Thus, the impact of factors associated with low SES in combination with higher prostate cancer incidence and mortality based on race present a compelling healthcare challenge. These factors place socioeconomically disadvantaged, medically underserved, African-American men in double jeopardy for adverse prostate cancer outcomes.

Detection and Treatment of Prostate Cancer

Far too often, being asymptomatic implies wellness, a particularly dangerous assumption in many disease processes, including prostate cancer. Thus, the two commonly used early detection methods for prostate cancer, i.e., the digital rectal exam (DRE) and the prostate-specific antigen (PSA) test, are underutilized relative to the recommendations. Granted, extensive debate surrounds whether or not widespread screening reduces deaths or if early treatment is more effective than treatment of late or advanced prostate cancer in prolonging life. Friedrich points out that it is unclear whether screening is associated with decline in mortality. Similarly, Hahn proposes that we “cannot know whether PSA decreases” cancer morbidity and mortality, since the results of randomized controlled trials for prostate cancer screening and detection are not available. This issue is compounded by the fact that actual sensitivity, specificity and predictive value of the DRE and the PSA are low.

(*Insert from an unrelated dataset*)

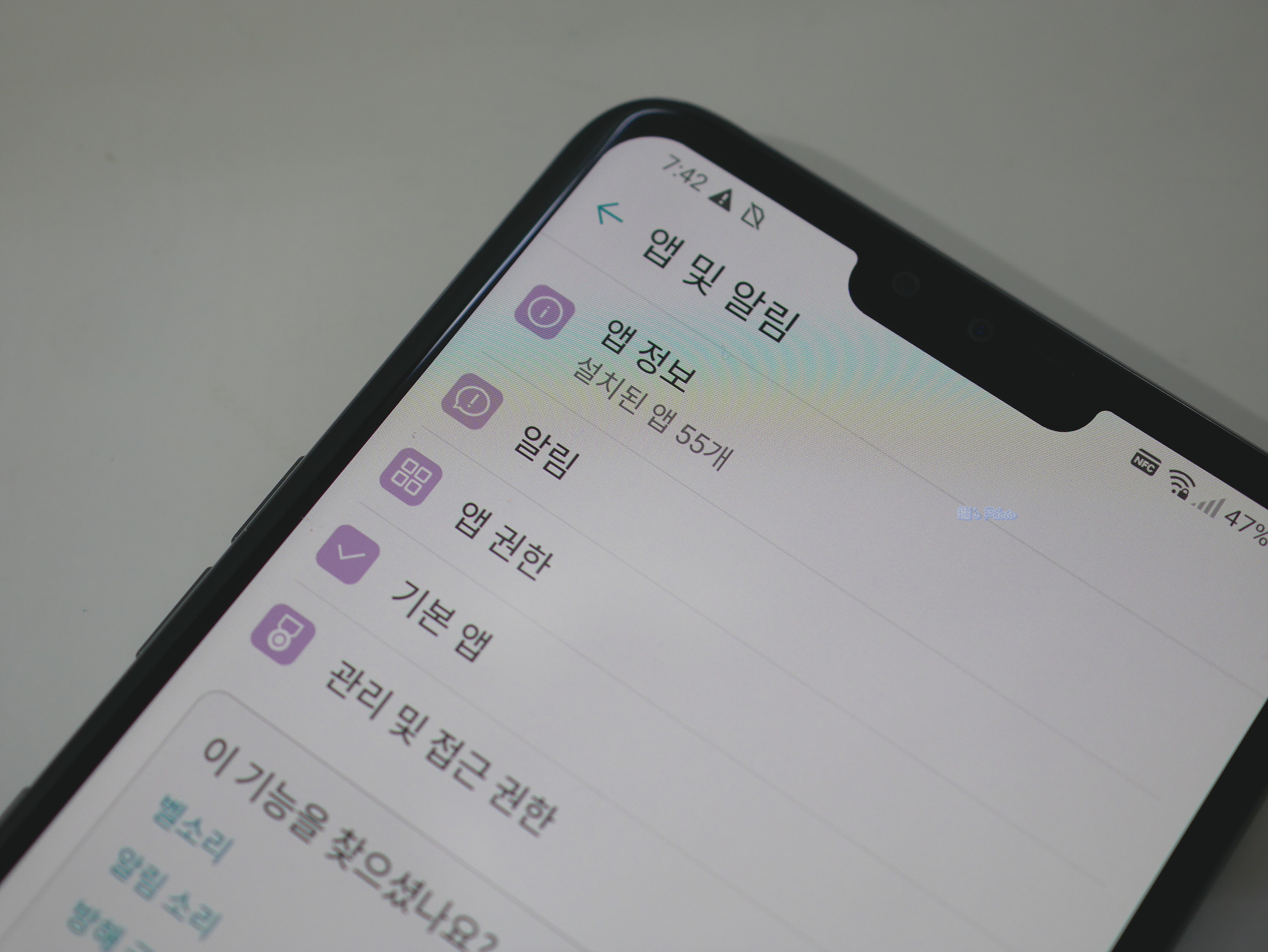 인식하기 쉽게 전면 카메라 부분과 단차 사진

However, in spite of the controversy, men should have accurate information about the benefits and limitations of screening to enable them to make informed decisions regarding participation in testing. The American Urological Association (AUA) and the American Cancer Society (ACS) recommend that prostate cancer screening begin by age 50 for men without relevant risk factors (i.e., race/ethnicity, a strong family history of prostate cancer, etc.). In the case of African-American men who are at high risk for prostate cancer and its associated morbidity and mortality outcomes, ACS and AUA recommend that an early detection program begin five-to-10 years earlier (i.e., 45 years of age and 40 years of age, respectively). buy cialis soft tabs

Further concerns focus on the patient’s lack of or limited understanding of the implications of a positive test result and the physician’s inability to effectively educate and/or counsel the patient about the test results. O’Dell and colleagues concluded from a study that focused on informed decision-making among 160 men aged 45-70 that less-educated men might not avail themselves of screening because of lack of prostate cancer knowledge. The issues surrounding screening, detection, and treatment are further compounded when one considers the limited information or misinformation that some physicians convey to the patient.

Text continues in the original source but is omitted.